Thursday, May 15, 2014

INTERIORITY AND THE MIRROR.

I am introspective, pathologically so . I like to believe i know my unconscious. I have endeavored, at many points in my life, to deconstruct the lineaments of my being , so much so that i have discovered, much to my chagrin, aspects of being of whose existence i was hitherto unaware. Yet off late my exegetical excoriation has deserted me. I find myself increasingly unable to delve deep. And i think it stems from the fact that there is some repression involved, some deeper concealment of me from myself that i need to plumb.

Today i did an interesting thing. I stood in front of the mirror hoping to externalize myself and subsequently introject the significations reflected back to me. I saw my reflection, i saw myself, inescapably conjoined yet incontrovertibly split. Fragmentation cascaded from every runnel in my mind. I couldn't hep noticing that what i saw was not a bleached simulacrum of a reflection but an alien being, an extension of me, indivisible yet with a palpable agency of its own. By extrojecting myself i had rendered separate a part of me unbeknownst to myself. Yet, through this retrospective knowledge a part of my essential being was thoroughly sullied and impugned.

I know i see a reflection of myself. I know it is my own being, cleft through the mediation of the mirror in my consciousness. But the part of me that is me feels tenuous and the part of me which the mirror reflects seems anterior, hearkening back to a realm of consciousness that is unfathomable, untraversable. The hints and feelers my reflection throws at me suffuse me with inadequacy. Knowledge advances, self awareness retracts and the singularity of my becoming ebbs and flows. The reflection's otherness others me from myself because my appraising, discerning consciousness seems to have become apocryphal too.

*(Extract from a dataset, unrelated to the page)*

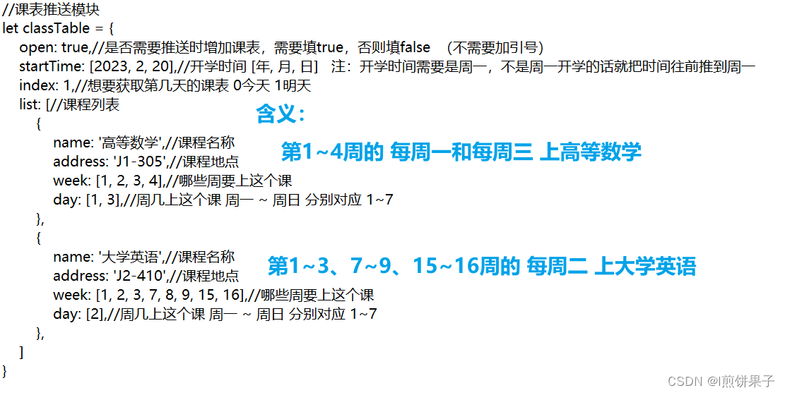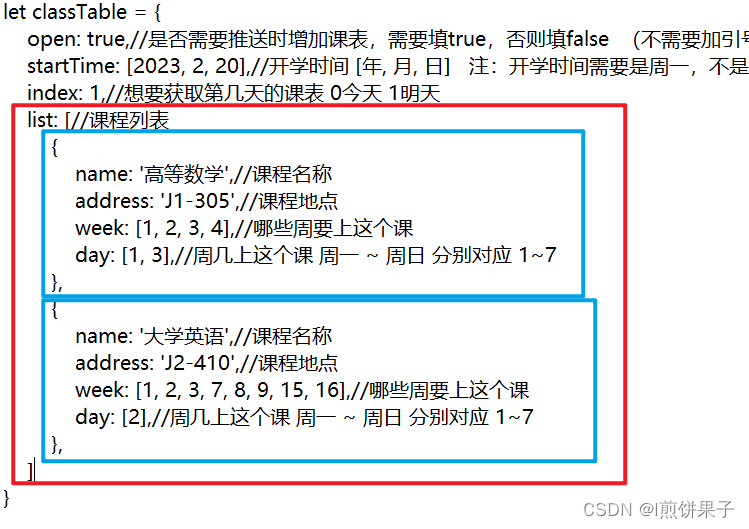 下图给了两个示例,可以自行添加更多数据 (一个蓝色框就是一个课程数据,复制粘贴之后改内容即可)

What, then, am i promulgating? That i have no telos or does the mirror have no reality? The veraciousness of seemingly disparate phenomena surely lies in between. What the mirror revealed today, in parenthesis was how unknowable i was to myself, was to be to myself. Any factuality, arrived at with any modicum of exactitude, would, of necessity, be dubious and inauthentic. I felt relieved and reprieved yet discomfited and unnerved. The sole conclusion of my unceasing ruminations, incisive  peregrinations into myself was that i could never know myself in entirety. The reality of indeterminacy and irresolution of even the most sacred and inviolable fulcrum of being, my own self, required a relinquishment of self regard and augmentation of a jouissance i could not access but experience. This made a metaphysician out of me.